O amor pela aguardente e a revolta da cachaça
O amor pela aguardente e a revolta da cachaça
Assim que o chamaram de cachaceiro, Jeca mostrou a erudição que parecia esquecida desde a época em que exercia a profissão de professor de história. Pois é, o alcoolismo dominou o personagem, já vai lá uma década e meia pelo menos. Antes, se mostrou sujeito sabido, autor de livro bacana, todos o admiravam. Porém, não se sabe ao certo quando foi que ele se entregou ao vício da aguardente e ficou de vez desempregado, coitado.
Naquele dia, em um dos bares da cidade, Jeca respondeu à altura àquele impertinente engraçadinho debochado que o chamou de pudim de aguardente.
— Se sou cachaceiro, está ótimo, sou um resistente. Você sabia, garoto, que a revolta da cachaça se revelou um marco de São Gonçalo na história colonial do Brasil? Pois é, e eu é que sou coitado, na sua opinião. Pobre de você, desinformado. Mas lhe conto, não nasci para guardar rancor. Senta aí, quer um refrigerante?
Confesso que muito me admira a forma como o nosso personagem ex-professor encarou a ofensa. Principalmente, porque partiu da atitude de um rapaz tão novo e debochado. No entanto, necessário admitir que o senhor Jeca deu uma aula de história fluminense ali no balcão do bar.
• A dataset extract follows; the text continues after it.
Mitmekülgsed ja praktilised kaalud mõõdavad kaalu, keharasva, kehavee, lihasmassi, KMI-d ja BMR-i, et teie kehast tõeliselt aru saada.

— Rapaz, importante ressaltar que os cachaceiros passaram a ser chamados de alambiqueiros, por causa do sentido pejorativo que o primeiro apelido oferecia. Os patrões proprietários dos alambiques eram aqueles que tomaram a cidade do Rio de Janeiro, porque tiveram os impostos de exportação absurdamente aumentados no comércio dos seus produtos para a Europa. Isso ocorreu no início de 1660, quando Salvador Correia de Sá e Benevides assumiu o cargo de capitão-general da Repartição Sul do Brasil.
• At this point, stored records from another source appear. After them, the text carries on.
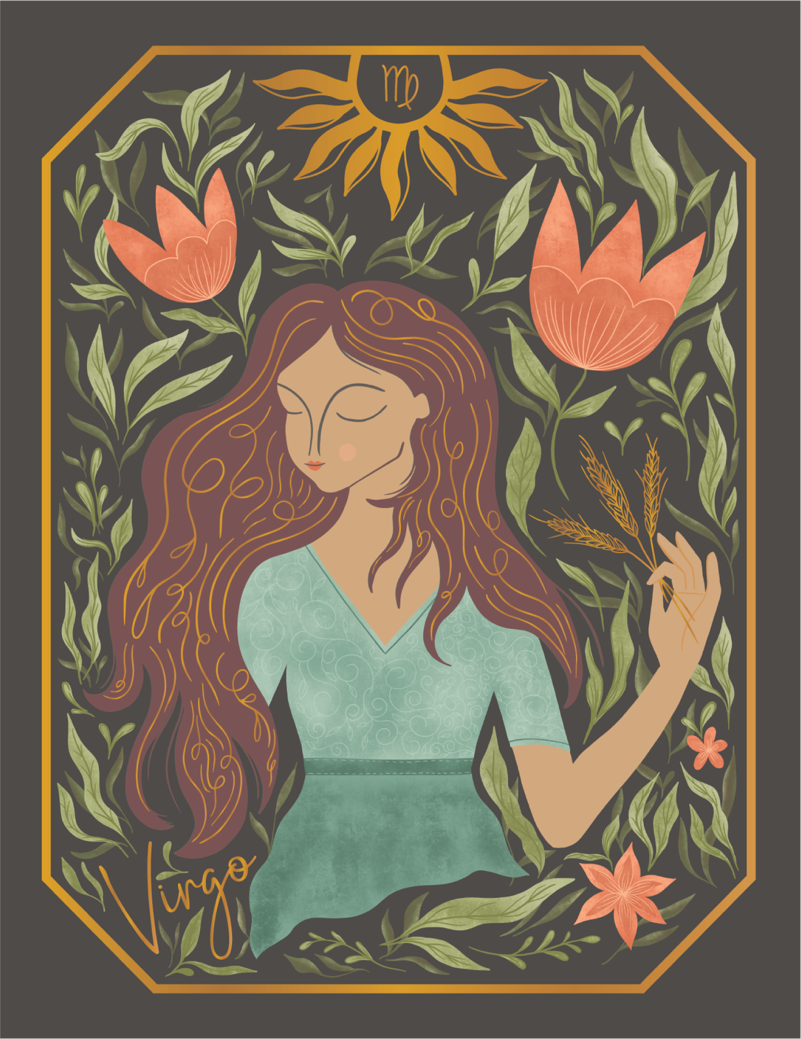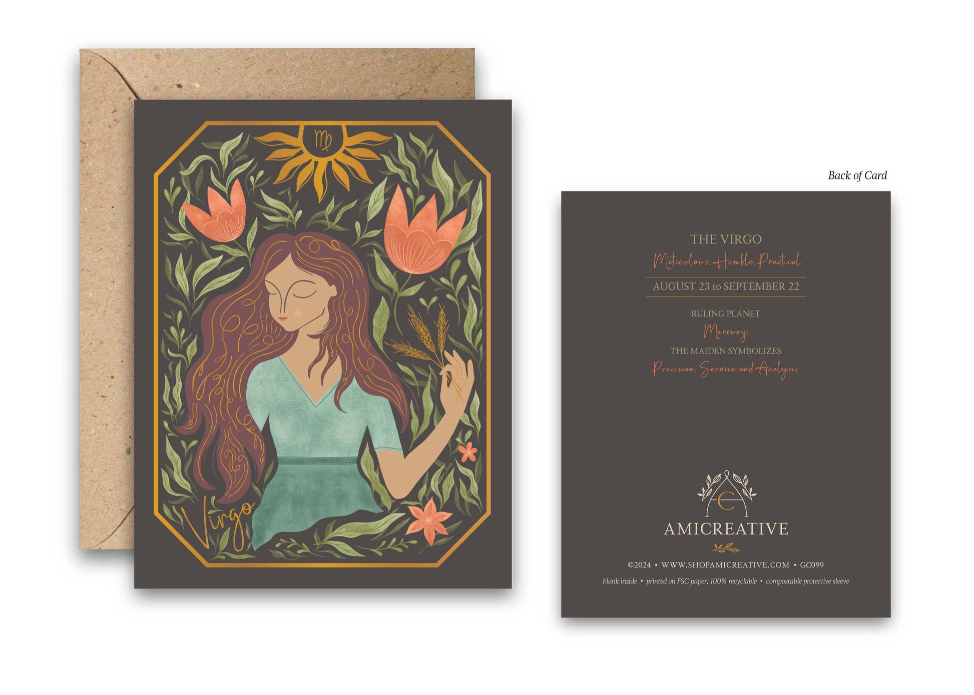 This design captures the essence of Virgo’s meticulous and caring nature, making it perfect for Virgo birthdays or sending a well-thought-out note. Informative details about Virgo’s traits and dates on the back enhance the value and appeal of each card.
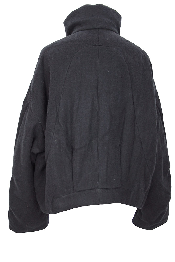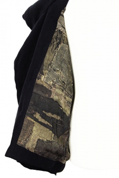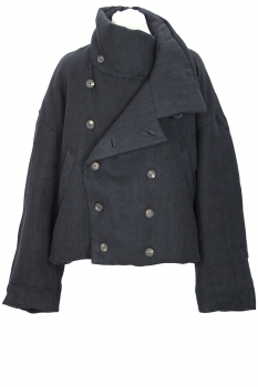 Ziggy Chen padded, goose down filled, double-breasted jacket in super soft fabric. High padded collar. 2 rows of 5 buttons fastening and a single button and loop fastening at neck. 2 angle pockets with trim. Turned cuffs. Curved panel insets at rear. Fully lined in printed silk and with a single inside pocket with flap and button fastening. Sleeves are lined in distressed striped fabric. A superb winter jacket which will fit many sizes, I am a size 52IT and it fits me perfectly, works well is oversized, so do not be put off by the small size label, as often with Ziggy Chen the garments are beautifully oversized.
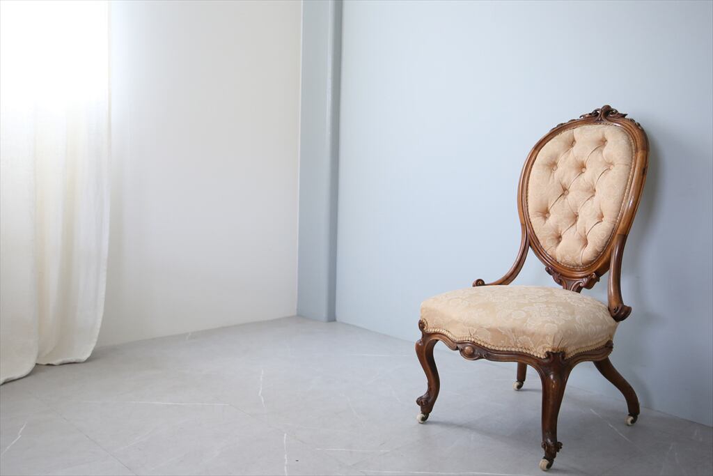 座面が低い位置にあるナーシングチェアと呼ばれる英国特有のチェア。

Bem, em meio à palestra improvisada, um ou outro vizinho apareceu no bar. Troca rápida de palavras, um torresmo esponjoso em oferecimento educado, e a fala do Jeca continuou:
— Aí, garoto, os tais cachaceiros guerreiros de São Gonçalo (os donos de alambiques) relutaram, ou melhor, se revoltaram contra a taxação absurda e desleal. Certo fazendeiro de nome Jerônimo Barbalho, um dos mais importantes produtores de cana-de-açúcar da região, logo assumiu para si a incumbência de conduzir o povo alambiqueiro enfurecido. Certa madrugada de final de ano, uma enorme "patota" de revoltosos chegou ao Rio muitíssimo aporrinhada. Verdade, bem em frente da Câmara o líder Barbalho anunciou o ultimato, exigindo que as taxas de exportação fossem abolidas e o dinheiro pago fosse prontamente devolvido aos produtores de cachaça.
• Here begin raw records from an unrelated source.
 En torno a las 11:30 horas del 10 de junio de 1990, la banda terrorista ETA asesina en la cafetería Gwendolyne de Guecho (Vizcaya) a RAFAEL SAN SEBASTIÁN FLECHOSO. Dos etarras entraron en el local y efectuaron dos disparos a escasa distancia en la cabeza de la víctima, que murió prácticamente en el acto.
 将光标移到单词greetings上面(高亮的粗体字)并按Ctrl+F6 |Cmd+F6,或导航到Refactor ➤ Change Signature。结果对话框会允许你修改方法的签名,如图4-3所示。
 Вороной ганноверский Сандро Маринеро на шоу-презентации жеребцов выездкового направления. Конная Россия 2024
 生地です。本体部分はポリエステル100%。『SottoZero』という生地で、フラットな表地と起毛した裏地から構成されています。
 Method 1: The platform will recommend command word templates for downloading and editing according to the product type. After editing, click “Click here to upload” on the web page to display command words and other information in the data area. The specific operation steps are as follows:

Mais uma pausa. No meio da conversa, Jeca foi ao mictório, mas voltou rápido. Pediu uma água tônica e tomou.
— Retomemos o assunto. Depois de muito "disse que me disse" e estratégias políticas, Jerônimo Barbalho se aproveitou que o governador Salvador Correia de Sá viajou a São Paulo, quando ficou o interino, e se tornou o governador da ocasião. Sendo assim, claro que por causa de tantas inimizades não durou muito no cargo. Resultado? Morreu. Sim, Barbalho fora julgado e decapitado por ordem do próprio Salvador de Sá que retornou ao governo. Os demais cachaceiros revoltosos foram perdoados. E todos viveram felizes para sempre, vendendo as suas respectivas cachacinhas. Tá bom pra você de explicação?
— Está sim, senhor, obrigado, muito agradecido.
E assim terminou esse caso de bullying às avessas. De cachaceiro a professor novamente, o velho morador do Pita se sentiu útil. Mas o fígado teimou em reclamar, e o Jeca vomitou.